Guiding Principles

Features

The main features of InferPy are listed below.

  • Allows a simple definition of inference over probabilistic models containing deep neural networks.

  • The models that can be defined in InferPy are those that can be defined using Edward2 (i.e., tfp.edward2), whose probability distributions are mainly inherited from the module distributions in the tensorflow-probability package.

  • Edward’s drawback is that for the model definition, the user has to manage complex multi-dimensional arrays called tensors. By contrast, in InferPy all the parameters in a model can be defined using the standard Python types (compatibility with Numpy is available as well).

  • InferPy directly relies on top of Edward’s inference engine and thus includes all the inference algorithms available in that package. As Edward’s inference engine relies on TensorFlow computing engine, InferPy also relies on it too.
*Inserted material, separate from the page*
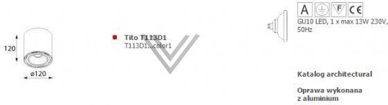 Plafon aluminiowy malowany proszkowo o średnicy 12 cm i wysokości 12 cm do zastosowań wewnętrznych, na 1 żarówkę o mocy maksymalnej 13 WAT, na trzonek GU 10 ES111 i napięcie zasilania 230V, IP20.Kolor oprawy czarny głęboki mat. Zastosowanie: mieszkania, hotele, restauracje itp.Dostępne kolory z wyłączeniem serii: Caspe, Lukomo, Moa, Atego, Bops (tu dostępne forniry)oraz serii Alma i Avatar (tu dostępne barwione drewno)101 Srebrny aluminiowy matowyRAL 9006102 Srebrny aluminiowy połyskRAL 9006113 Biały beskidzki połyskRAL 9016116 Czarny głęboki matowyRAL 9005117 Biały sygnałowy mat strukturaRAL 9003119 Czarny glęboki połyskRAL 9005Poniżej kolory niestandardowe za dopłatą. O wycenę proszę pytać obsługę sklepu.104 Purpurowy czerwony matowyRAL 3004 (dopłata)110 Czerwony karminowy połyskRAL 3002 (dopłata)111 Czerwony karminowy matowyRAL 3002 (dopłata)112 Kremowo beżowy połyskRAL 1015 (dopłata)114 Pomarańczowy średni połyskRAL 2003 (dopłata)115 Niebieski liliowy połyskRAL 4005 (dopłata)118 Grafitowy szary matowyRAL 7024 (dopłata)120 Brązowy szary połyskRAL 8019 (dopłata)121 Niebieski lekki satynaRAL 5012 (dopłata)122 Biały alpejski połyskRAL 9010 (dopłata)123 Kremowy połyskRAL 9001 (dopłata)124 Brązowy czerwony połyskRAL 8012 (dopłata)125 Szary antracytowy połyskRAL 7016 (dopłata)126 Zielony żółty połyskRAL 6018 (dopłata)127 Srebrny ciemny połyskRAL 9007 (dopłata)128 Szary mleczny połyskRAL 7047 (dopłata)129 Niebieski morski połyskRAL 5017 (dopłata)133 Różowy połyskRAL 4010 (dopłata)134 Żółty sygnałowy połyskRAL 1003 (dopłata)135 Niebieski pastelowy połyskRAL 5024 (dopłata)136 Zielony tlenkowy połyskRAL 6020 (dopłata)137 Liliowy ciemny półmatowyRAL 4001 (dopłata)139 Szary bazaltowy połyskRAL 7012 (dopłata)140 Pomarańczowy matowyRAL 2004 (dopłata)141 Różowy intensywny połyskRAL 4003 (dopłata)142 Turkusowy pastelowy połyskRAL 6034 (dopłata)143 Niebieski brylantowy połyskRAL 5007 (dopłata)144 Truskawkowy połyskRAL 3018 (dopłata)145 Oranż matowyRAL 2008 (dopłata)147 Zielony blady połysk 70%RAL 6021 (dopłata)148 Żółty kadmowy połyskRAL 1021 (dopłata)149 Beżowy połyskRAL 1001 (dopłata)151 Żółty jasny połyskRAL 1018 (dopłata)152 Irchowo-szary matowyRAL 1019 (dopłata)153 Beżowy ciemny połyskRAL 1024 (dopłata)154 Żółty sygnałowy połyskRAL 1023 (dopłata)155 Żółty melonowy połyskRAL 1028 (dopłata)156 Żółcień georginiowa połyskRAL 1033 (dopłata)157 Żółty pastelowy połyskRAL 1034 (dopłata)158 Czerwony ceglasty satynaRAL 2002 (dopłata)159 Pomarańczowy połyskRAL 2004 (dopłata)160 Łososiowy połyskRAL 2012 (dopłata)161 Pomarańczowy głęboki (połysk)RAL 2011 (dopłata)162 Rubinowy połyskRAL 3003 (dopłata)163 Czerwień kubańska połyskRAL 3020 (dopłata)164 Buraczkowy połyskRAL 4004 (dopłata)165 Fioletowy sygnałowy połyskRAL 4008 (dopłata)166 Niebieski wrzosowy połyskRAL 5000 (dopłata)167 Ultramaryna połyskRAL 5002 (dopłata)168 Ultramaryna satynaRAL 5002 (dopłata)169 Niebieski Chagall połyskRAL 5010 (dopłata)170 Niebieski lekki połyskRAL 5012 (dopłata)171 Niebieski średni połyskRAL 5015 (dopłata)172 Niebieski średni matowyRAL 5015 (dopłata)173 Zielony szmaragdowy połyskRAL 6001 (dopłata)174 Zielony soczysty pół-połyskRAL 6010 (dopłata)176 Zielony trzcinowy połyskRAL 6013 (dopłata)177 Majowa zieleń połyskRAL 6017 (dopłata)178 Zielony sygnałowy połyskRAL 6024 (dopłata)179 Szary błękitny matowyRAL 7001 (dopłata)180 Szary sygnałowy połyskRAL 7004 (dopłata)181 Szary łupek połyskRAL 7015 (dopłata)182 Szary łupek matowyRAL 7015 (dopłata)183 Szary jasny połyskRAL 7035 (dopłata)184 Szary jedwabisty satynaRAL 7044 (dopłata)185 Szary jedwabisty matowyRAL 7044 (dopłata)186 Szary jedwabisty połyskRAL 7044 (dopłata)188 Brązowy mahoniowy połyskRAL 8016 (dopłata)189 Brązowy grizzly połyskRAL 8017 (dopłata)190 Ziemisty brązowy matowyRAL 8028 (dopłata)191 Biały sygnałowy połyskRAL 9003 (dopłata)192 Biały sygnałowy matowyRAL 9003 (dopłata)193 Czarny sygnałowy matowyRAL 9004 (dopłata)195 Czarny połyskRAL 9017 (dopłata)196 Czarny matowyRAL 9017 (dopłata)251 Różowy jasny połyskRAL 3015 (dopłata)252 Niebieski liliowy matowyRAL 4005 (dopłata)253 Brązowy miodowy połyskRAL 8003 (dopłata)254 Miętowy połyskRAL 6019 (dopłata)

  • Unlike Edward, our package does not require a strong background in the inference methods.

Architecture

Given the previous considerations, we can summarize the InferPy architecture as follows.

InferPy architecture

Note that InferPy can be seen as an upper layer for working with probabilistic distributions defined over tensors. Most of the interaction is done with Edward: the definitions of the random variables and the inference. However, InferPy also interacts directly with TensorFlow in some operations that are hidden to the user, e.g., the manipulation of the tensors representing the parameters of the distributions.

An additional advantage of using Edward and TensorFlow as inference engine is that all the parallelization details are hidden to the user. Moreover, the same code will run either in CPUs or GPUs.